The results are collected in files named out.JOB_ID.HOSTNAME.PROCESS
where
-
JOB_ID
is id of our job assigned to us by VSC -
HOSTNAME
is the name of the computer on which the calculation took place -
PROCESS
distinguishes among the multiple processes we started at one computer
If you want to run OpenPixi on a different cluster than VSC 1, you most probably need to slightly modify the variables used in scripts vsc-run
and vsc-distribute
to match the set up of the cluster in question (this also applies when you are only changing to VSC 2).
All the tests of the distributed simulation compare the results with the non distributed simulation. There are two possible ways how to run the tests
-
Run the class
org.openpixi.pixi.distributed.TrueDistSimTest -numOfNodes NUMBER -iplServer SERVER
fromNUMBER
of terminals or from VSC by modifying the main class inrun
script. (You also have to start the ipl server.) -
Run the class
org.openpixi.pixi.distributed.ComplexDistSimTest
without any parameters which will run the distributed simulation utilizing threads. The advantage of this test is that you can run it comfortably from your IDE. (You are not expected to start the ipl server, it will be started automatically by the test.)

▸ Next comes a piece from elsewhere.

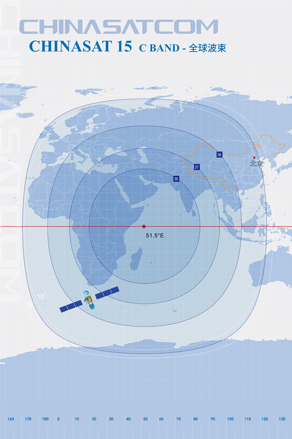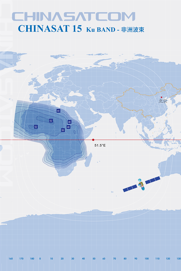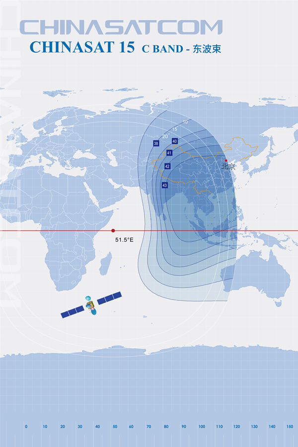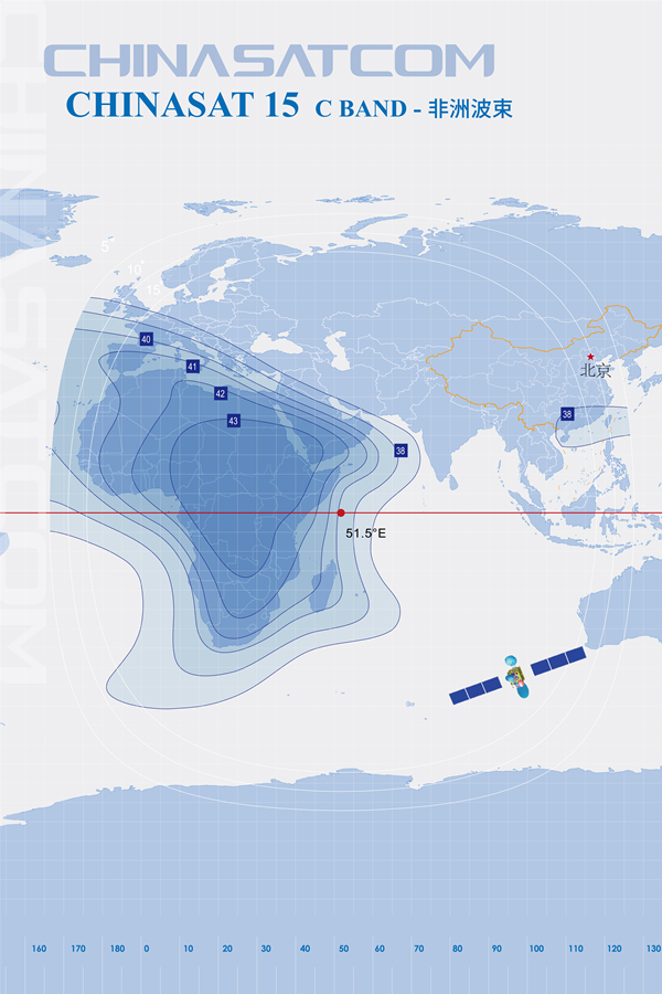 中星15號/白俄羅斯1號衛星是一顆中國和白俄羅斯的合作衛星,采用東方紅4號平臺,設計壽命15年,衛星將定點于東經51.5度,提供20個C頻段和18個Ku頻段轉發器。C頻段波束可以覆蓋非洲、歐洲、中東和亞洲,Ku頻段非洲波束覆蓋西非、中非和東非地區。中星15號衛星將通過高質量的衛星轉發器為上述地區提供廣播、通信、電信港和數據中心服務。

The above tests test the distributed version under various different settings. If you would like to test the application under your specific settings, you can modify the settings specified in class org.openpixi.pixi.distributed.ComplexDistSimTest
and afterwards run it.
You can profile (collect time measurements) of the distributed version similarly as in the non distributed version. The only difference is that at the end of the simulation you get the measurements from class DistributedProfileInfo
which adds times specific for the distributed version such as network waiting times. The measurements are automatically displayed if you run the class MainProfile
.
Similarly, as with the non distributed version you can get useful particle movement information by compiling the application with "aspectj-debug" profile. The distributed version adds information about particles which are exchanged among neighboring nodes.